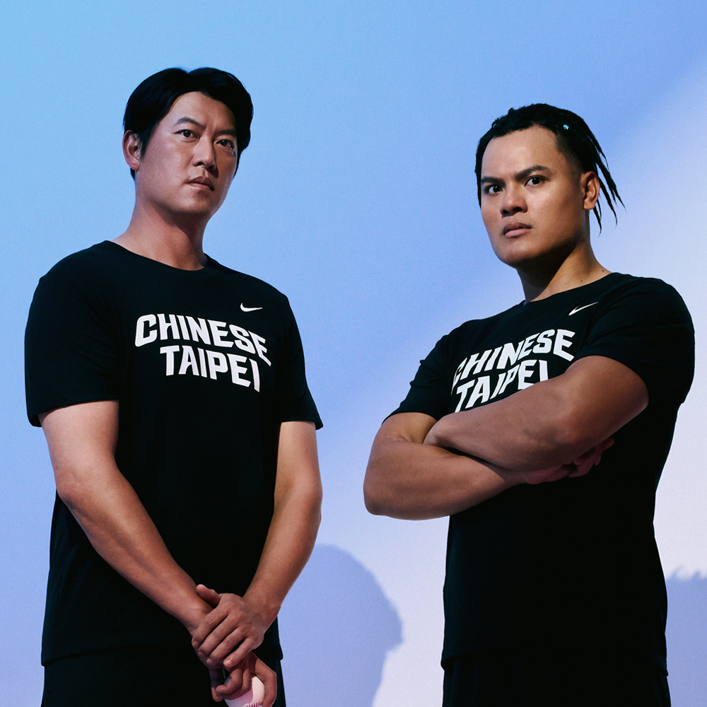 12 位台灣運動員演繹 Chinese Taipei Tee。圖|NIKE 提供為進一步詮釋 Chinese Taipei 隊徽所乘載的團結力量,以及世代傳承的深刻意義,Nike 邀請來自各領域的跨世代菁英運動員共同拍攝系列形象照,包括棒球運動員王建民、張育成、陳傑憲與吉力吉撈·鞏冠,籃球運動員陳盈駿、游艾喆、彭詩晴與林育庭,田徑運動員謝千鶴與陳奎儒,以及霹靂舞運動員孫振與 Nana,透過堅定的態度與神情,展現運動員征戰國際賽場時所肩負的榮耀使命。
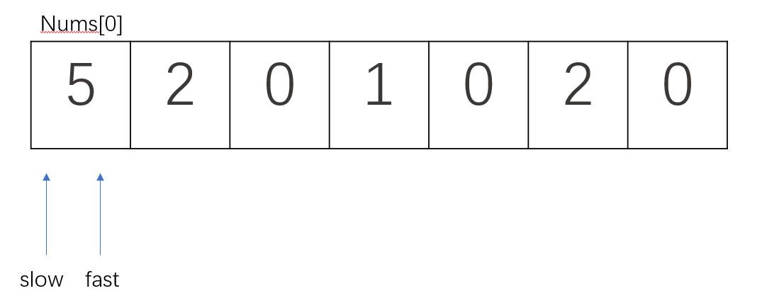 主播现在给大家以"5201020"这个数组举例,初始化状态下,快慢指针都指向首元素:
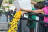 Per Ove Fossheim har akkurat tatt hand om vinnaren, anda var kjøpt av Gerd Berge som vart den heldige vinnar av 3000 kroner.
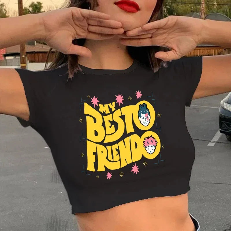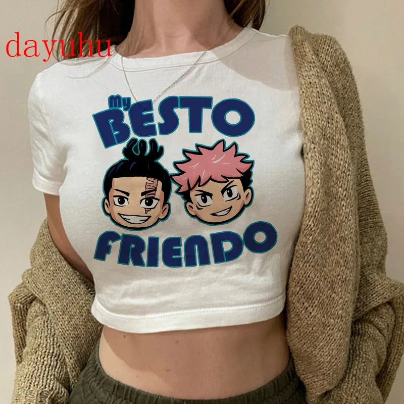 Jujutsu Kaisen: T Shirt Gojo Satoru Tops Yuji Itadori Cropped Tees T-shirt
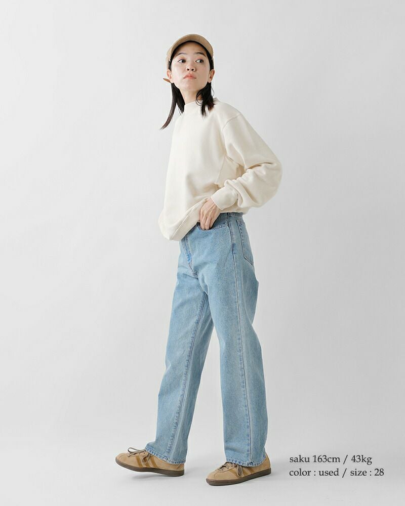 12.5ozのデニム生地は、ストレート糸を使用しているのでクセがなく穿きやすいのが特徴。90年代のジーンズよりインスパイアし、シェービングやヒゲ加工をしていない雰囲気にしています。程よい厚みがあり、ややくったりした肌なじみの良い履き心地。
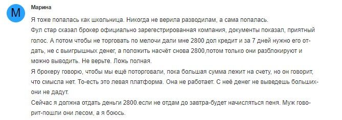Еще один пострадавший от развода называет «Фуллстар» «кухней». Человек на горьком опыте узнал, что аферист дерет огромные:
━━━━━━
Set the pictures aside and transcribe the data above exactly.

* Result *
 12 位台灣運動員演繹 Chinese Taipei Tee。圖|NIKE 提供為進一步詮釋 Chinese Taipei 隊徽所乘載的團結力量,以及世代傳承的深刻意義,Nike 邀請來自各領域的跨世代菁英運動員共同拍攝系列形象照,包括棒球運動員王建民、張育成、陳傑憲與吉力吉撈·鞏冠,籃球運動員陳盈駿、游艾喆、彭詩晴與林育庭,田徑運動員謝千鶴與陳奎儒,以及霹靂舞運動員孫振與 Nana,透過堅定的態度與神情,展現運動員征戰國際賽場時所肩負的榮耀使命。
 主播现在给大家以"5201020"这个数组举例,初始化状态下,快慢指针都指向首元素:
 Per Ove Fossheim har akkurat tatt hand om vinnaren, anda var kjøpt av Gerd Berge som vart den heldige vinnar av 3000 kroner.
 Jujutsu Kaisen: T Shirt Gojo Satoru Tops Yuji Itadori Cropped Tees T-shirt
 12.5ozのデニム生地は、ストレート糸を使用しているのでクセがなく穿きやすいのが特徴。90年代のジーンズよりインスパイアし、シェービングやヒゲ加工をしていない雰囲気にしています。程よい厚みがあり、ややくったりした肌なじみの良い履き心地。
Еще один пострадавший от развода называет «Фуллстар» «кухней». Человек на горьком опыте узнал, что аферист дерет огромные:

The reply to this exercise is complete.